Rather than hand sewing them herself, artist Michele Pred has outsourced the process, enlisting a Canadian company to produce a signed, numbered edition of 200 “Art of Equal Pay” masks. They cost $32, with ten percent of the proceeds going toward relief efforts.
“I consider my masks to be a functional medical supply that are also an artist multiple,” Pred told Artnet News in an email. (She believes that she herself was sick with the virus, but so far has been unable to get tested.)
Stephanie Hirsch, a former fashion designer currently under lockdown in the Hamptons, is also treating her masks as limited edition works of art. She teamed up with curator Natasha Schlesinger, of art advisory ArtMuseNY to sell floral pattern masks reading “love” in capital letters, for $45, or $175 with hand-stitched Swarovski crystal beading. The first run sold out but a new edition is dropping May 15, with 20 percent of the proceeds donated to Direct Relief.
With a planned residency in Lower Manhattan on hold indefinitely due to lock down, Hirsch has found in the face masks a crucial means of income that still allows her to give back to the community. “People are so appreciative that I have made my artwork more accessible, spreading LOVE not the virus,” she told Artnet News in an email.
Open Editions, which makes wholesale artist goods for museum shops across the country, started out making a few dozen masks for friends with leftover yardage from an artist project. Artist founders Lauren DiCioccio and Braden Weeks Earp soon realized there was a growing demand, and that it wasn’t easy for people to make masks for themselves.

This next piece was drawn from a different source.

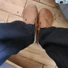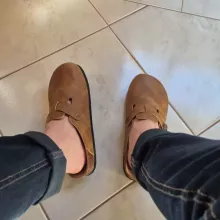 Love everything about these mules – especially how effortlessly chic they make me feel every time I step out in them! The amber crazy horse leather is simply stunning, aging beautifully over time and lending a unique vintage patina. The round-toe slip-on design adds to their laid-back appeal while the adjustable antique buckle ensures a perfect fit every single time. And the comfort? Unbeatable! Thanks to that thick EVA cork sole, my feet feel supported all day long.
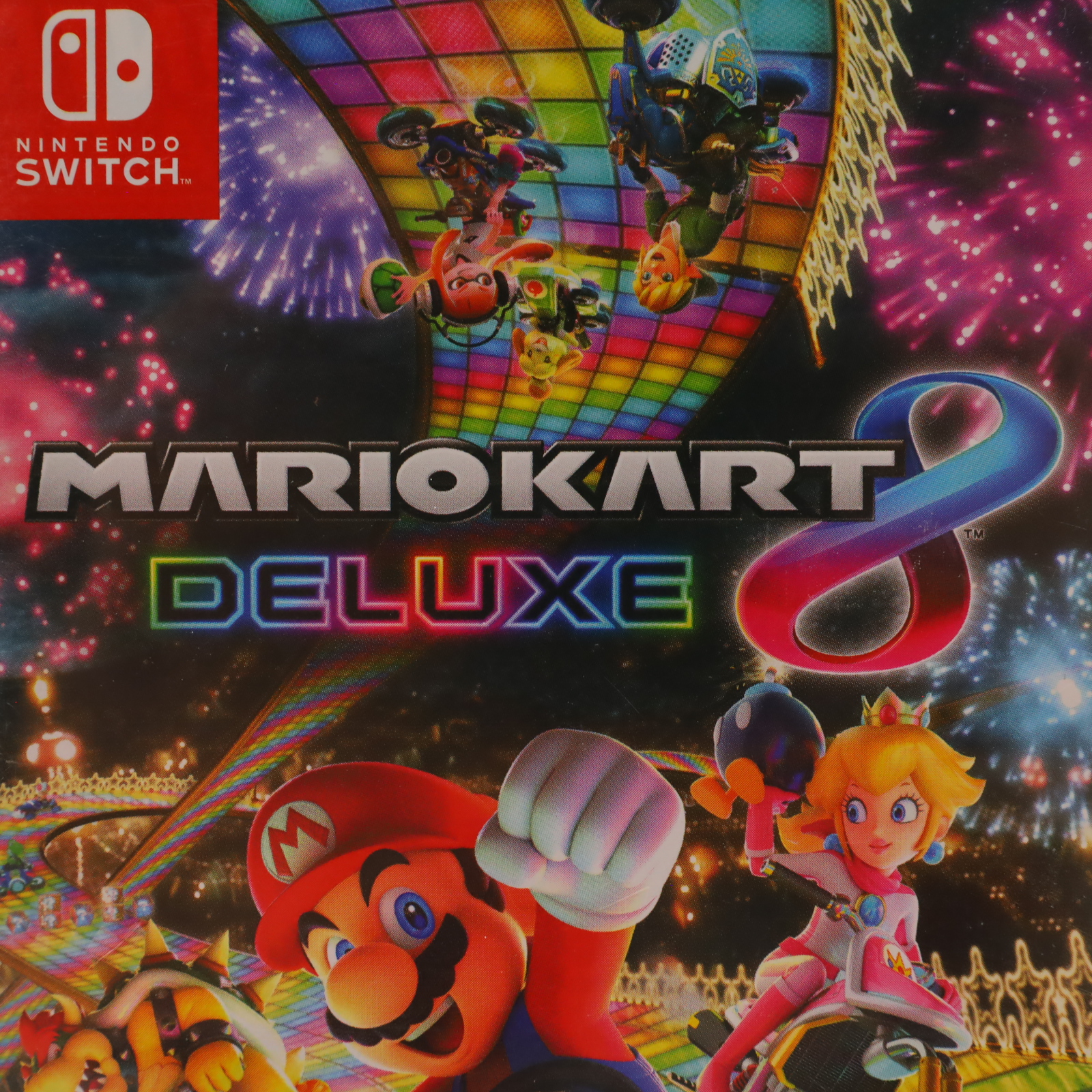Hit the road with the definitive version of Mario Kart 8 and play anytime, any-where! Race your friends or battle them in a revised battle mode on new and returning battle courses. Play locally in up to 4-player multiplayer in 1080p while playing in TV Mode. Every track from the Wii U version, including DLC, makes a glorious return. Plus, the Inklings appear as all-new guest characters, along with returning favorites, such as King Boo, Dry Bones, and Bowser Jr.!

The duo decided to scale up production, enlisting five artists (including Syjuco) to create face masks prints, and sending the fabric to the homes of its out-of-work sewers for construction.
A set of two masks is $28, and Open Editions is donating one mask to a nonprofit for each one sold, with a total of 1,275 donated to date. “Because the mask is something not so pleasant to wear on your face,” the duo told Artnet News, “we thought people might be more incentivized to wear them if they featured their favorite artists‘ prints.”